Since the work of Donoho and Johnstone, soft and hard thresholding operators have been extensively studied for denoising of digital signals, mainly in a statistical framework. Usually associated to wavelet or curvelet expansions, thresholding allows to eliminate those coefficients which encode noise components. The assumption is that signals are sparse in origin with respect to such expansions and that the effect of noise is essentially to perturb the sparsity structure by introducing non zero coefficients with relatively small magnitude. While a simple and direct thresholding is used for statistical estimation of the relevant components of an explicitly given signal, and to discard those considered disturbance, the computation of the sparse representation of a signal implicitly given as the solution of an operator equation or of an inverse problem requires more sophistication. We refer, for instance, to deconvolution and superresolution problems, image recovery and enhancing, and problems arising in geophysics and brain imaging. In these cases, thresholding has been combined with classical Landweber iterations to compute the solutions. In this talk we present a general theory of iterative thresholding algorithms which includes soft, hard, and the so-called firm thresholding operators. In particular, we develop a unified variational approach of such algorithms which allows for a complete characterization of their convergence properties. As a matter of fact, despite of their simplicity which makes them very appealing to users and their enormous impact for applications, iterative thresholding algorithms converges very slowly and might be impracticable in certain situations.
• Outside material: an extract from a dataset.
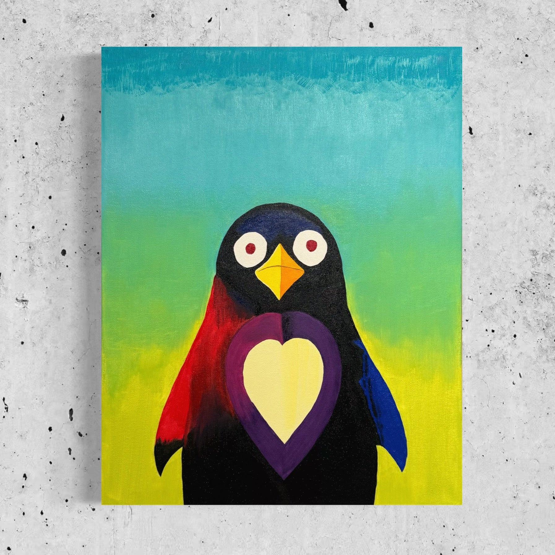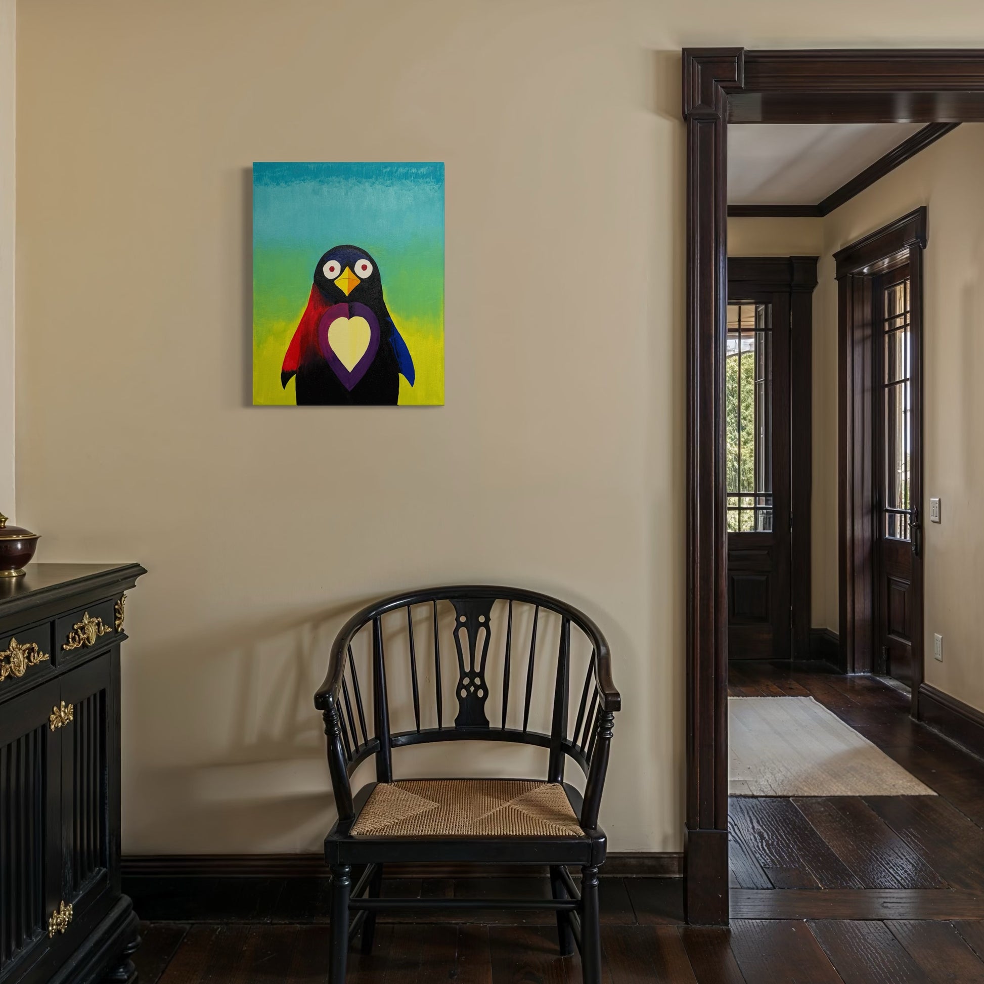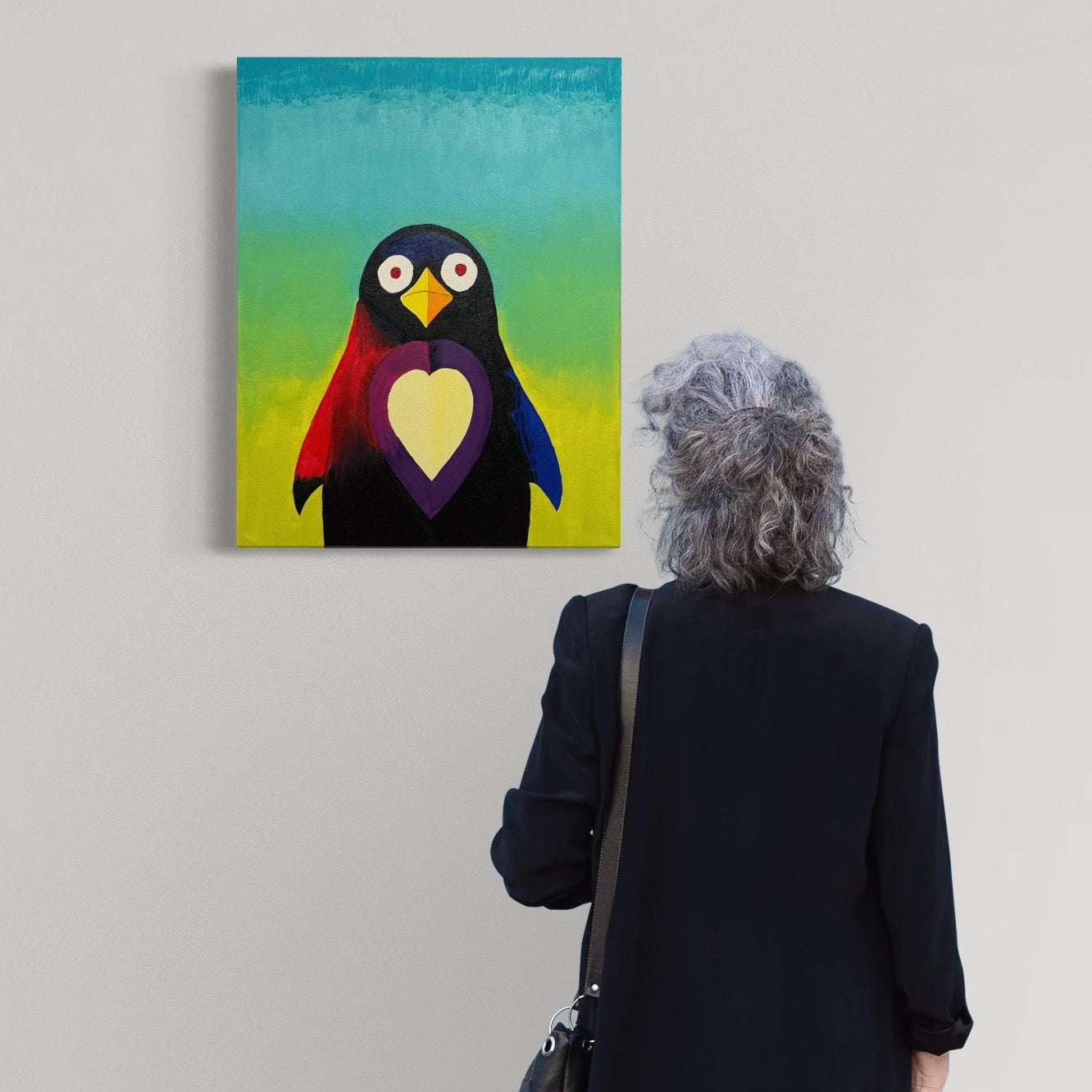 Pingveno embodies the playful spirit of abstraction within the animal form. Bold colors and geometric clarity transform the penguin into a symbol of resilience, warmth, and quiet strength. The central heart motif invites reflection on themes of love and connection, while the vibrant palette radiates optimism and energy.

By analyzing their typical convergence dynamics we propose acceleration methods based 1. on projected gradient iterations, 2. on alternating subspace corrections (domain decompositions.) Also for both these latter families of algorithms, a variational approach is fundamental in order to correctly analyse the convergence.

The talk partially summarizes recent joint results with Ingrid Daubechies, Ron DeVore, Sinan Gunturk, and Holger Rauhut.